長々と書いたが、要するに思い込みとは何か分からないという事だ。偏見との違いは?どこからが思い込みなのか?概念?物体?
実はここで話が停滞しはじめ一旦書くのを止めた。まあ迷走しているのは誰の目にも明らかだったので。そこで別のテーマとして思い出したのが前回のワガママSDGsだ。前回、グループワークの時に皆で思い込みを書きだした。それを思い出して、その時の自分が思い込みと思っていたものについて書こうとしたのだった(学校や性別、服装や勝手に太る体とか。数行上のややこしいことでは無く!)。しかし、私は一つの事を思ってしまった。迂闊にも思ってしまった。思わなければ今頃私はぐっすり眠れていただろう。……それは、”思い込みと思っているそれ自体が思い込みなのでは?”ということだった。無茶苦茶だ。

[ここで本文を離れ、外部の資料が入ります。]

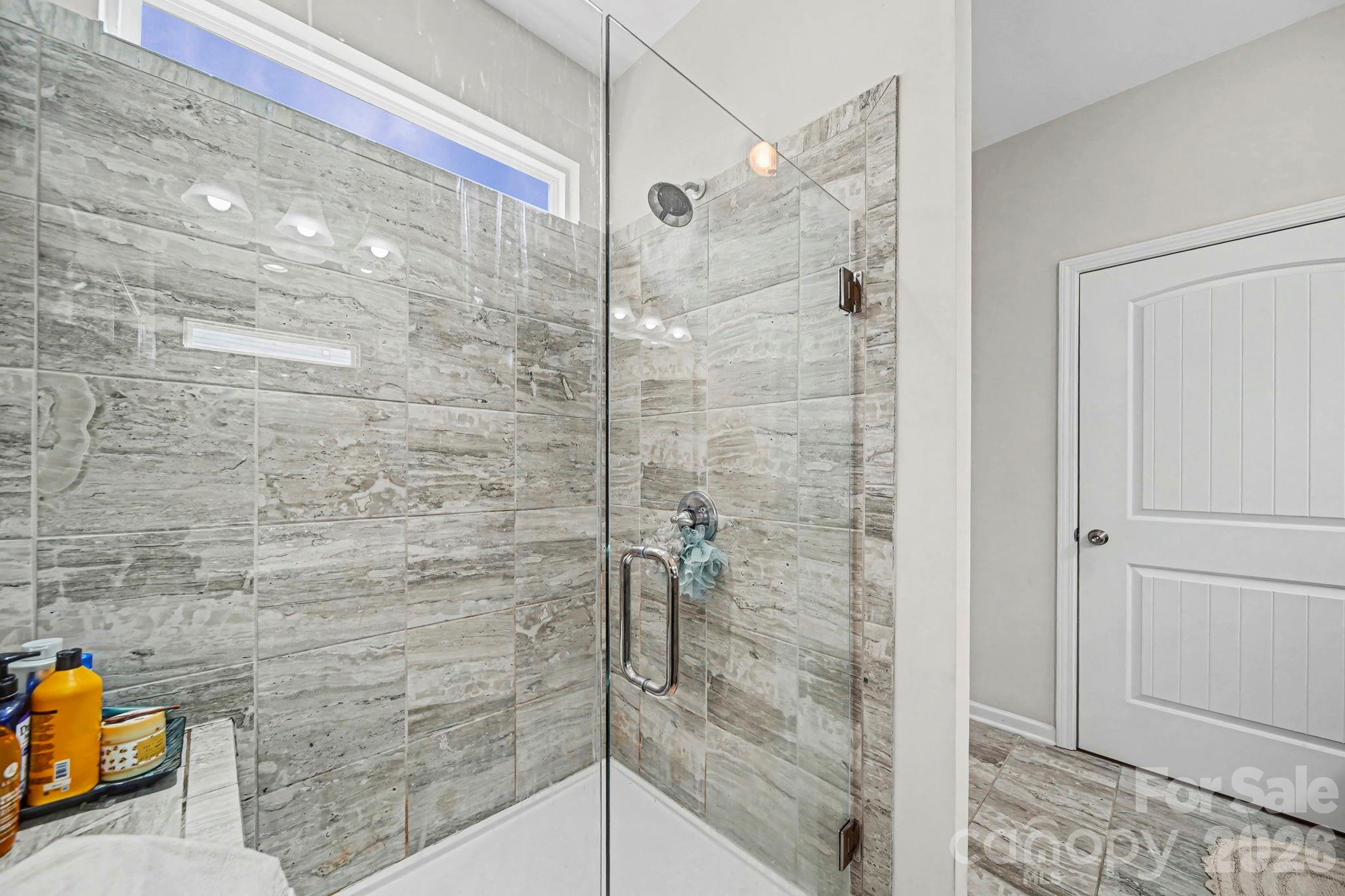 The primary suite offers a relaxing retreat, highlighted by a **large walk-in shower in the main bathroom**, giving it a clean, spa-inspired feel. Two additional bedrooms provide comfortable space for family or guests.

誰にも証明できないものを考える。しかも思い込みを思い込みなんて、断言してはいけないと断言するようなものではないだろうか。頭痛が痛い。しかし、私にとっての思い込み像がそれになってしまった以上書くしかない。
ここであまりに遅い本題を述べると、”思い込みという思い込み”だ。

さて、逆に思い込みではないと確証を持って言えるものとは何だろうか。自分の気持ちだけではなく本当に立証されたもの。それで私が思いついたのは親子関係である。

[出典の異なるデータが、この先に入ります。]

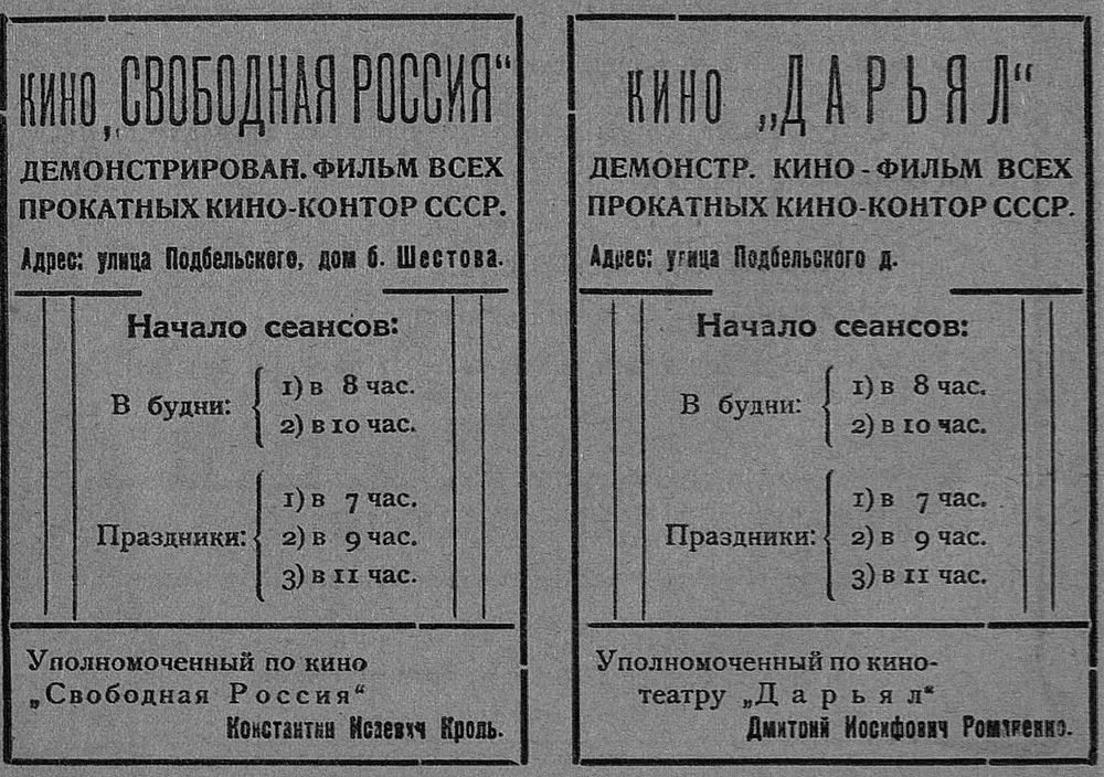 Афиши кинотеатров "Свободная Россия" и "Дарьялы"

私には母親がいる。母親と私は親子であると断言できる。思い込みではない。なぜか。
まず、私は生まれてこの方ずっと母と家族として暮らしてきたからだ。14年間そうであったという事実。それに、恐らく血も繋がっている(血がつながっている者だけが家族と言うわけでは無いけれど)
二つ目は、相手も認めているという事だ。母親に「あなたは母親ですか?」と聞いたら(複雑な家庭では無かったため運良く)肯定が帰って来た。

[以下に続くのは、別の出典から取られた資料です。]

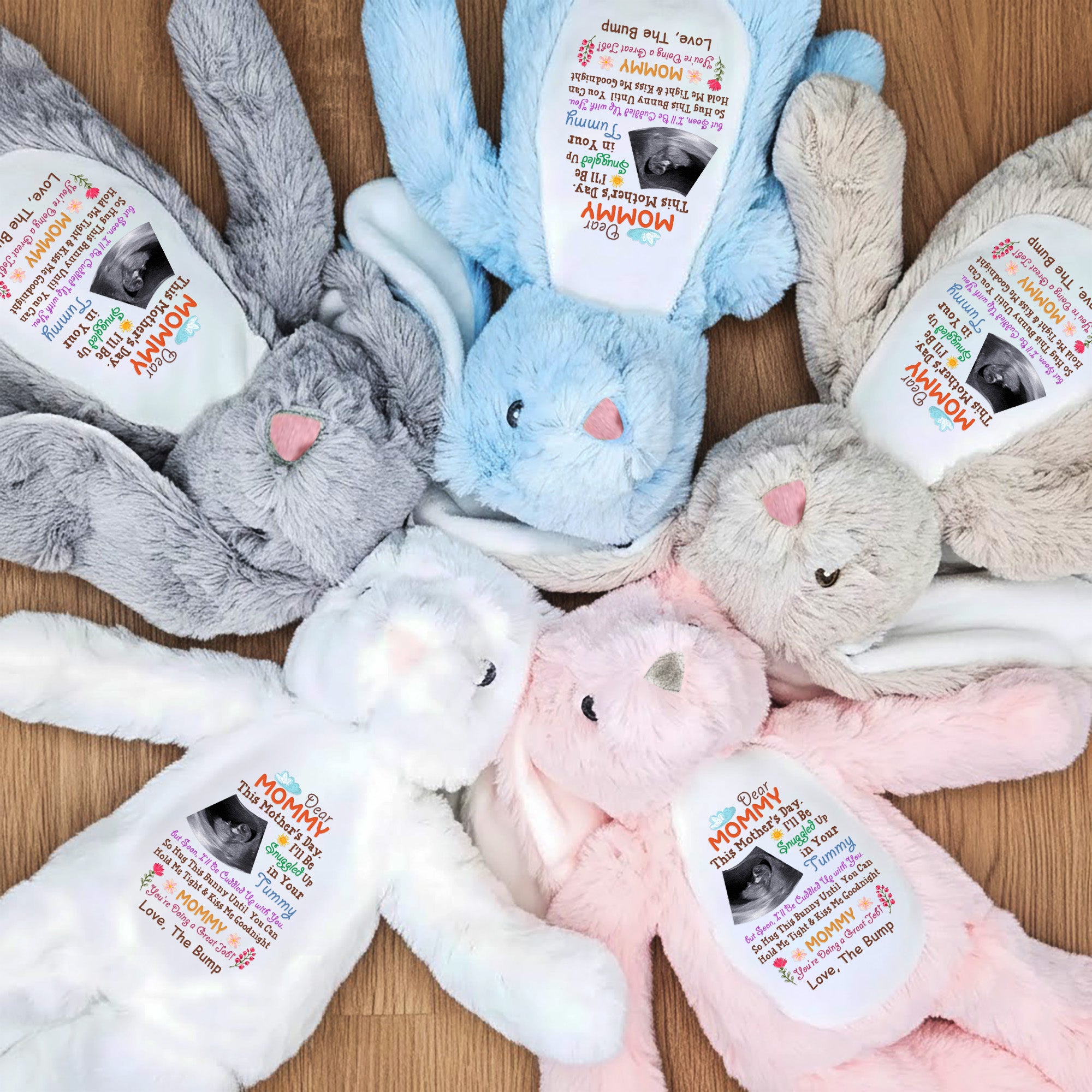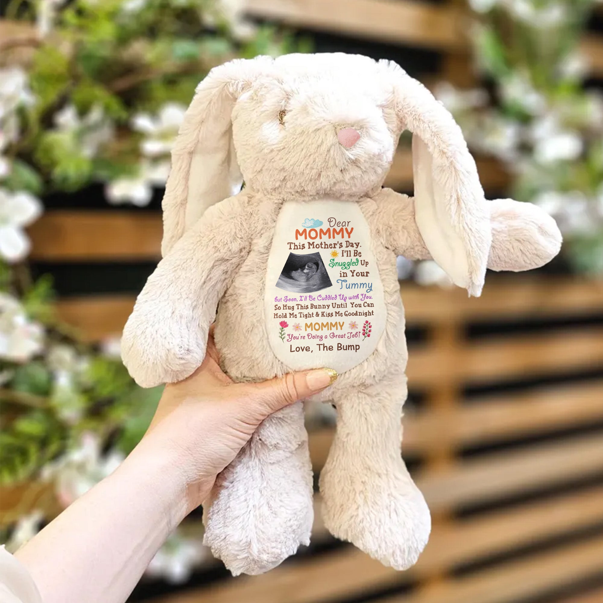 Introduce some extra warmth to Mother's Day this year with our stunning personalized plush bunny. It's a fun-filled gift idea designed to bring mom-to-be even closer to her adorable tiny bump. Secluded in mom’s womb, the little one may not yet be ready for her first cuddle, but our snug bunny plush has got that part covered. The loving message, albeit not explicit, tugs at the heartstrings, encouraging mommy to snuggle the toy, in anticipation of the tight embrace she will soon share with her yet to be born child.

三つ目は、周りや国のシステムが親子であると証明しているからだ。事件などでもそうだが「I」「You」のみではそれが真実かは疑わしい。けれど、第三者(それも多数)が認めているというのは確実だろう。さて、ここまで書いてなんだがひとつの事を思い出してしまった。
学校でのとある授業のとき、ポル・ポトの話が出た。
独裁政権のその時代、学校教育も変化し(今でいう洗脳教育)子供たちは無意識のうちに思想を刷り込まれた。そのうちの一つが、「外国は怖い」というものだ。何故かと言うと、当時の政権にとって外国と手を組んでクーデターを起こされるのが一番怖かったから。それを教育として先生が話す。子供は勿論どうしてと質問する。外国はとても恐ろしい所だと先生は言う。そしてこう続けるのだ。「あなたたちの親が外国について話していたら先生に教えてね」と。そうして子供は気付かずのうちに密告者となり、家に帰るころには親はいなくなっている。しかし、賢い大人は子供の前ではそういう態度を出さず夜に集まって会議をしていた。勿論国は集会を禁止したが、それでも取り締まられないように集まっていた。けれどやはり家を出て行くところは子供は目撃してしまう。そして先生に相談する。まさか軍を四六時中家の前で張り込ませておくなどは出来ず、先生…国には手出しのしようがない。だから先生はこう言うのだ。「あなたの親は間違えちゃったの。だから、どうか君が救ってあげて」…そして、銃を子供に渡す。親がいなくなった子供は少年兵となる。さて、長く話したがここで問題なのはそう育てられてきた子供たちが政権が崩壊した後どう思ったのかだ。親を殺してはいけないなんて知らない。今までが異常だったなんて全然知らない。
これは、周りが認められているからと言って確実にそうであるという立証が出来ない証明になるのではないだろうか。と、このように話が無限ループとなってしまったので書くのはここでやめることにする。

結局思い込みと言う思い込み、思い込みは本当に思い込みであるか、思い込みではないと思っている事こそが思い込みなのではないかとなかなか面倒なことばかり書いてしまった。
余談だが、タイトルの思い込みの上に書いてある点は強調ではない。皆さんは数学の「循環小数」を知っているだろうか。高校で習うものだが、永遠に続く少数の中でも規則性のあるものをさす。そして続く数字の最初と最後に点を付けるというものだ。私の中で思い込みが永遠に続いていたので、ひと工夫をとそういうタイトルにした。